**Assignment**
Skip any pictures. Repeat the data exactly, from its first line through the line that holds "- thread를 관리하는", both included.

**Source data**

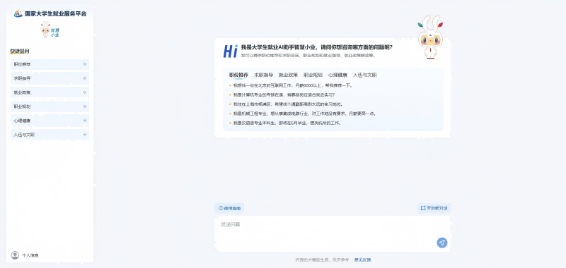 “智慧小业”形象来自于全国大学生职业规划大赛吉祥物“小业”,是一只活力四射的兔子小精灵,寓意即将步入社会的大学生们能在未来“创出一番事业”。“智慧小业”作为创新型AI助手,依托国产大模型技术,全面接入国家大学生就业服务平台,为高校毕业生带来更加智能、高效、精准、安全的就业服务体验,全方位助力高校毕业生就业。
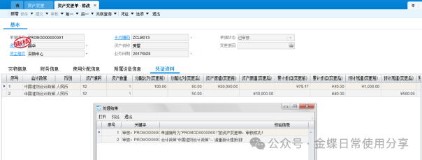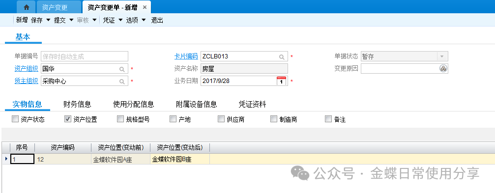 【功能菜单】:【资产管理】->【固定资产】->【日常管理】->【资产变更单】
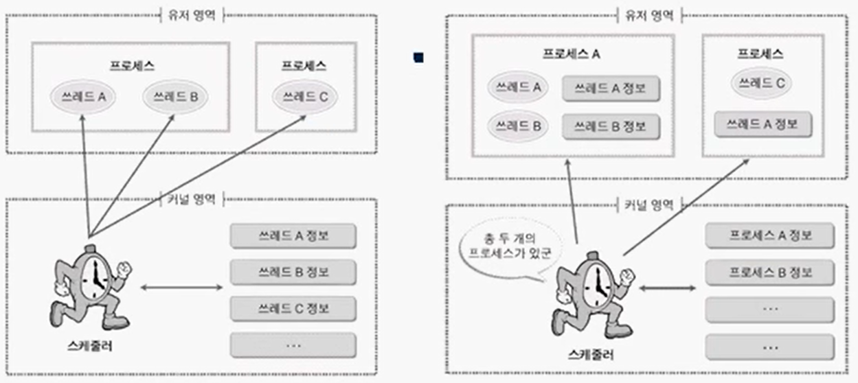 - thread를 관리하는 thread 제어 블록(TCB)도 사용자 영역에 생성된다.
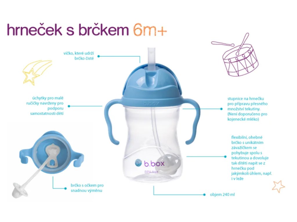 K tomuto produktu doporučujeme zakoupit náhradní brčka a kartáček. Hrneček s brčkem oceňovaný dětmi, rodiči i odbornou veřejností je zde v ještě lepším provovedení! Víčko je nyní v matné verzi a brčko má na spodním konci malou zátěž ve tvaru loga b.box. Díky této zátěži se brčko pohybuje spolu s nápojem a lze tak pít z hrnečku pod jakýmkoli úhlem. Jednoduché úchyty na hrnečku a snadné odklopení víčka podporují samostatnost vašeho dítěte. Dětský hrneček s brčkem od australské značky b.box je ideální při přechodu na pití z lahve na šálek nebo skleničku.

**Exercise result**
 “智慧小业”形象来自于全国大学生职业规划大赛吉祥物“小业”,是一只活力四射的兔子小精灵,寓意即将步入社会的大学生们能在未来“创出一番事业”。“智慧小业”作为创新型AI助手,依托国产大模型技术,全面接入国家大学生就业服务平台,为高校毕业生带来更加智能、高效、精准、安全的就业服务体验,全方位助力高校毕业生就业。
 【功能菜单】:【资产管理】->【固定资产】->【日常管理】->【资产变更单】
 - thread를 관리하는 thread 제어 블록(TCB)도 사용자 영역에 생성된다.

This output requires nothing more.